The course begins with an introduction to probability theory, with pencil-and-paper problem sets to build intuition for the mathematical objects that comprise statistical models. Next, we describe the use of estimators to learn about model parameters, emphasizing guarantees that hold as sample sizes increase to infinity. We then turn to the logic of hypothesis testing and survey a variety of tests used to compare two groups. Finally, we devote several weeks to a discussion of classical linear regression, stressing its flexibility as a tool. We devote special units to the building of regression models in the context of description and of causal inference. Throughout the course, students will practice analyzing real-world data using the open-source language R.

Course Prerequisites

  • Proficiency with calculus (including an ability to take simple derivatives and integrals)
  • Familiarity with basic matrix operations
  • Ability to write proofs

Course Components

  • Asynchronous Content - Each week of the course begins with a unit of lecture videos, located on [ISVC]. As you work through each unit, you will encounter special "Reading" pages, which direct you to read specific pages in the textbooks. We recommend that you perform the reading when instructed to ensure you have mastered each concept before moving on. Many units are further subdivided into two or three "sprints." You might find it helpful to tackle each sprint on a separate day. It is important that you complete all videos and readings before your live session. Slides for each unit are available in this repository.

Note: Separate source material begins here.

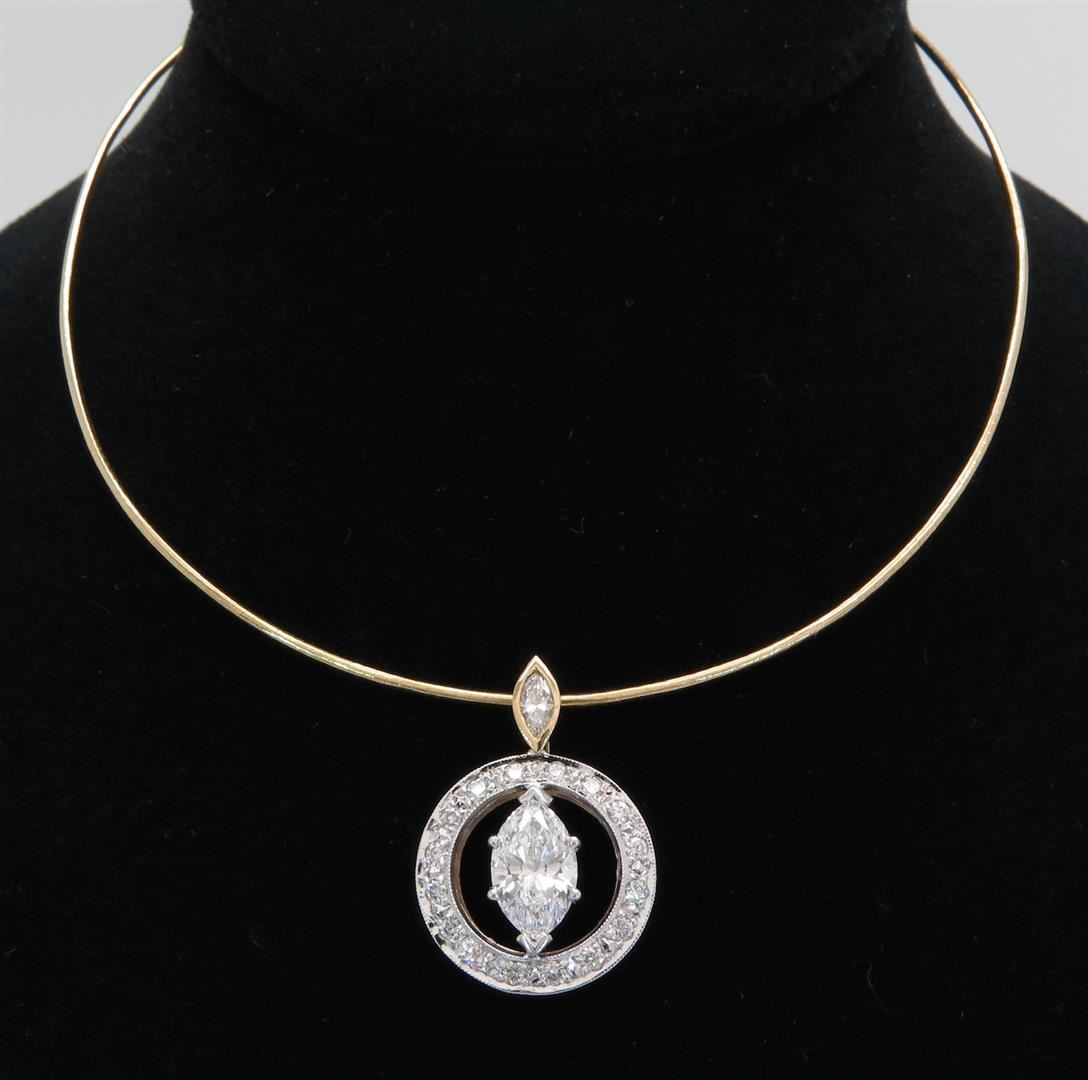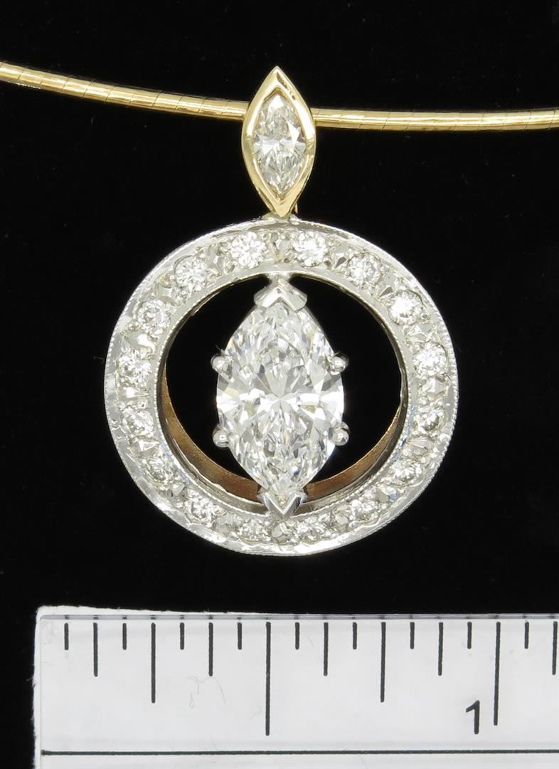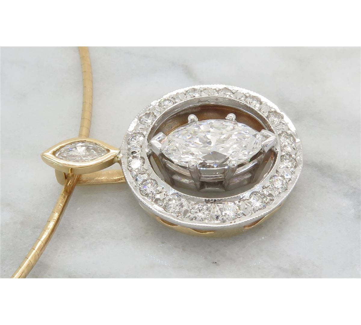 One tested 14K gold diamond pendant. Containing: One Marquise Cut Diamond. Approximate size: 2.01CT. Clarity: SI1, Color: F-G. 16 Round Brilliant Cut Diamonds, 1 Marquise Cut Diamond. Approximate total diamond weight: 2.71CTW. Diamonds are graded in the mounting, unless otherwise stated. Weight: 11.8 grams, Size of chain: 18".

  • Live Session - Live sessions take place over Zoom, and can be accessed from [ISVC]. During live session, students engage in activities that build upon the asynchronous videos and readings. These include discussions, collaborative problem solving, and programming exercises. We expect that you dial in from a quiet location, that you will arrive on time, and that you connect over both audio and video. Most importantly, we ask that you treat all classmates with respect and help us create a supportive learning environment.

  • Homework - Most weeks of the course include a homework assignment. The homework for each week will be available Tuesday at 2pm on [Github]. It will be due the following Tuesday at 2pm, and submitted via [Gradescope]. It is important that you start the homework early, including before your live session, to give yourself a full week to complete it.

  • Solution Files - Solutions to each homework and each live session will be available on [Github]. You learning is not complete when you solve a problem; it is important that you view the solution to solidify your knowledge and identify ways to improve your arguments. Homework solutions are located in the semester's "central" repository, and will be updated Thursdays at 2pm. Each live session repository will be located in a separate repository, with a name like unit_XX_ls_sol. This allows us to give each student access to the solution immediately after live session.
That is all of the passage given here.